À cette occasion, un de ses officiers déclarait sur CCTV que « toute menace au Pakistan est une menace à la Chine ». Plus tard, le major Général Zhang Zhaozhong, professeur à l’université nationale de défense, usait de la même formule-choc pour l’Iran, que l’APL n’hésiterait pas à protéger, « dût-elle provoquer une 3
ème
Guerre mondiale».
Le plus fort venait du Président Hu Jintao en personne, qui prévenait sa marine (06/12) de se préparer au « combat militaire » (军事斗争, jūnshì dòuzhēng). Le terme se réfère davantage aux conditions guerrières » qu’au conflit lui-même, mais l’adresser à sa marine, à ce moment, sentait l’avertissement sans frais à l’US Navy.
Pendant ce temps, avec Inde et Japon, les USA préparaient une trilatérale à Washington (19/12), pour construire l’alliance pacifique en tant que « trois principales démocraties » de la zone.

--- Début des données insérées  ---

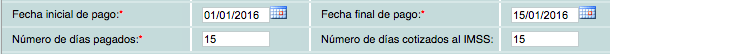 Seleccione las fechas de pago "Fecha inicial de pago", "Fecha final de pago" y "Número de días pagados", estos datos se registrarán de forma automática, si desea modificarlas, puede utilizar el pequeño calendario ubicado al costado derecho de cada fecha para seleccionar el día deseado.
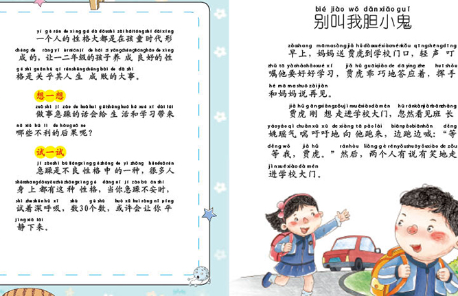 培养孩子好的品格并没有想象的那么难,父母除了言传身教,另一个方法就是通过阅读学习发生在别人身上的故事,看别人的处理方法,从中学习对自己有用的知识。这里面的每一个故事,都在潜移默化中,教会孩子们一个相关方面的道理,包含了社交、自信和尊重等方面,也可以看做是一堂生动有趣的情商课。
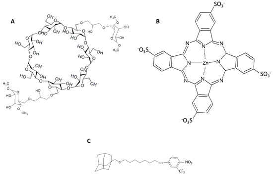 - Kandoth, N.; Vittorino, E.; Sciortino, M.T.; Parisi, T.; Colao, I.; Mazzaglia, A.; Sortino, S. A Cyclodextrin-Based Nanoassembly with Bimodal Photodynamic Action. Chem. A Eur. J. 2011, 18, 1684–1690. [Google Scholar] [CrossRef]
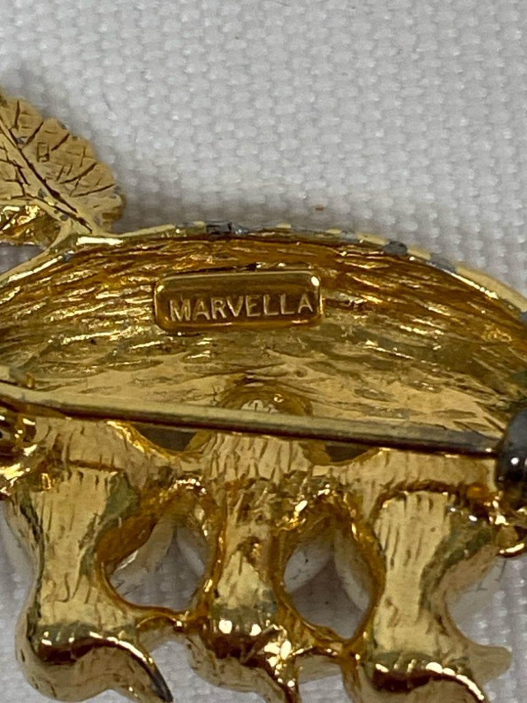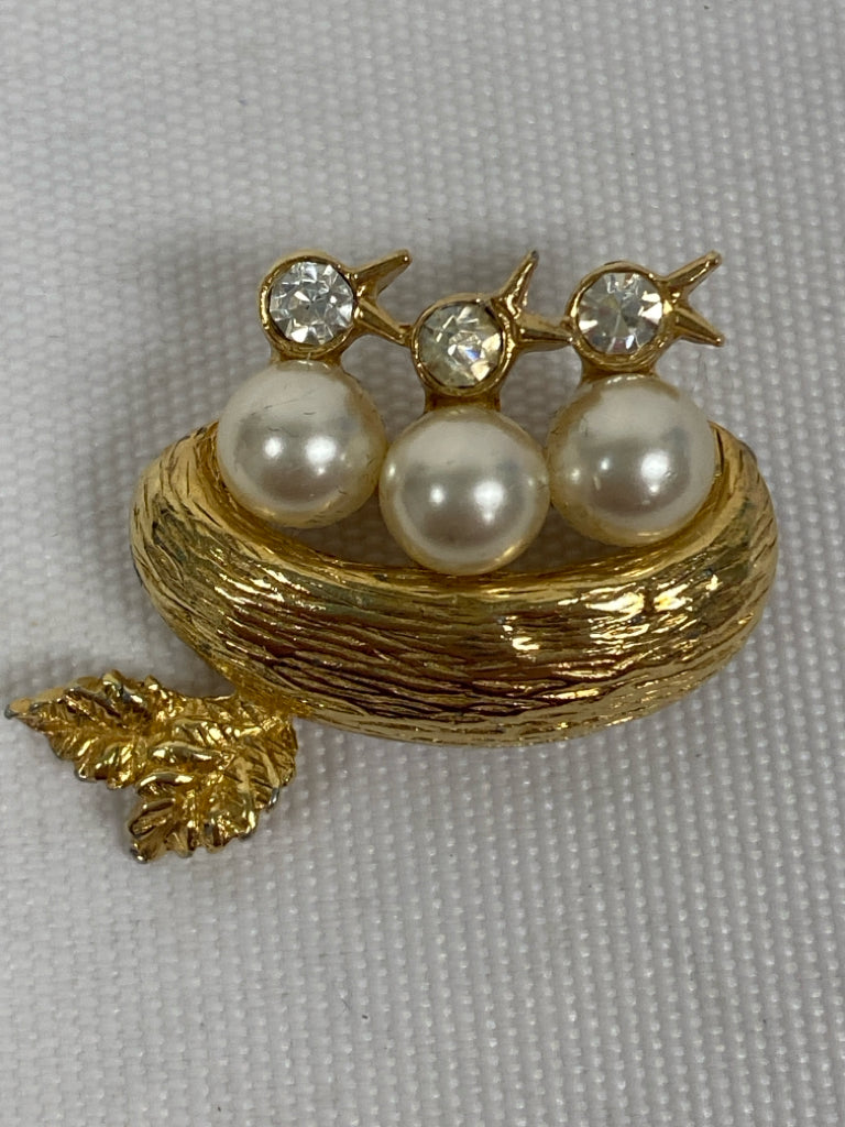 Gold Color Pearl Color Jeweled Pin

Les diplomates américains rappelaient qu’il n’y avait là aucune menace à la Chine – mais s’il n’y en avait pas, pourquoi le dire ?
Justement, face à ces voisins en train de prendre leurs distances, Pékin cherche là aussi la réaction juste, par tests successifs. Face à l’Inde, après avoir annulé, d’un commun accord, les négociations frontalières, Ma Xiaotian s’envolait (09/12) pour Delhi, tenir les plus hautes discussions militaires depuis deux ans. Face au vice-président philippin J. Binay qui souhaitait venir transmettre une lettre de son Président Aquino demandant la grâce d’un trafiquant de drogue condamné à mort, c’était un « non » sec et sans appel. La répression des stupéfiants est un thème de souveraineté nationale non négociable, et les rapports avec le petit voisin, trop mauvais…
En tout état de cause, sur tous ces sujets, l’impression est sombre, mais le dialogue est là – peut-être même plus fort que 3 mois en arrière. Certes, on peut deviner que cette année 2012 du Dragon sera tumultueuse mais dans cette crise de réorientation de l’avenir et de choix à faire, nul n’a le moindre intérêt au pire – rien n’est joué !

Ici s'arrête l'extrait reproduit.